Thursday, June 01, 2006


From the referenced site. Commentary follows.

'New Scientist'

'Article Preview
Review: Flock of Dodos: The evolution-intelligent design circus
03 June 2006
Amanda Gefter
Magazine issue 2554'

"At last, a documentary that gives us the chance to chuckle at the controversy that has been consuming biology teaching in the US, says Amanda Gefter AT FIRST glance, the so-called debate between evolutionary scientists and supporters of intelligent design is not very funny. But after endless discussions in the media about pseudoscientific concepts such as the "irreducible complexity" of structures like the flagella of bacteria, we could all use a good laugh. So we should thank evolutionary ecologist and film-maker Randy Olson for his documentary Flock of Dodos, which premiered last month at New York's Tribeca Film Festival.

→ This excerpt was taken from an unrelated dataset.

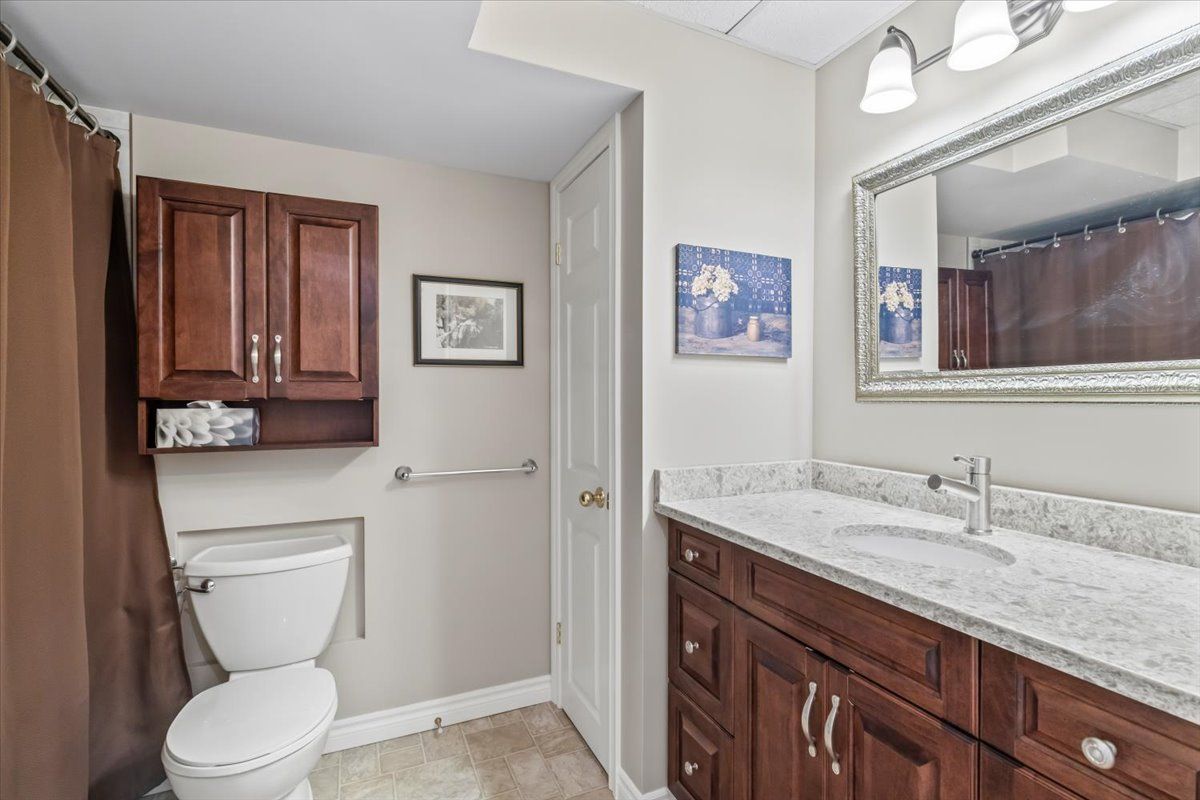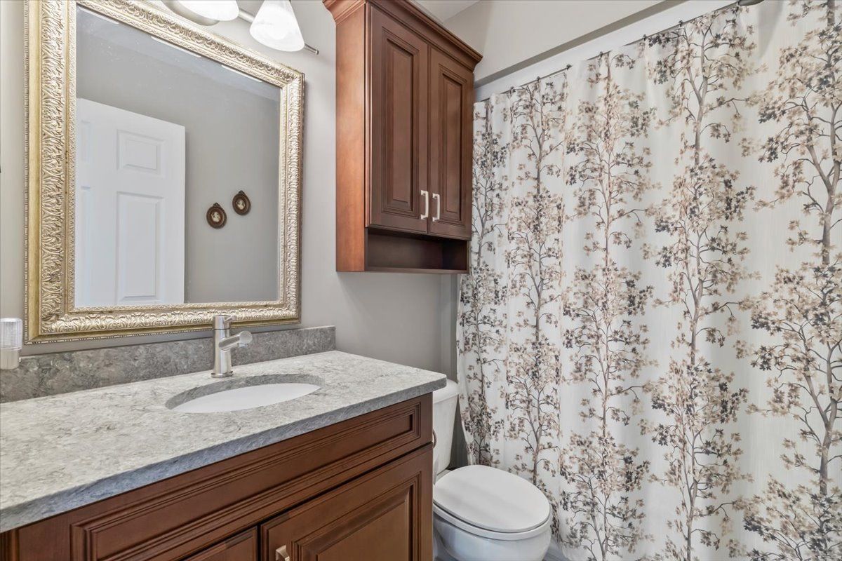 • Fully finished lower level with gas fireplace, extra bedroom, and office space.

Olson travelled around the US talking to people on both sides of the argument. What he discovered is that the debate is not about facts, it is about people. As you would expect from someone who studied at Harvard under Stephen Jay Gould, Olson treats the theory of evolution as it ought to be treated: as a long-standing explanatory framework supported by an immense amount of hard evidence. The crucial question, then, is why do so many ..."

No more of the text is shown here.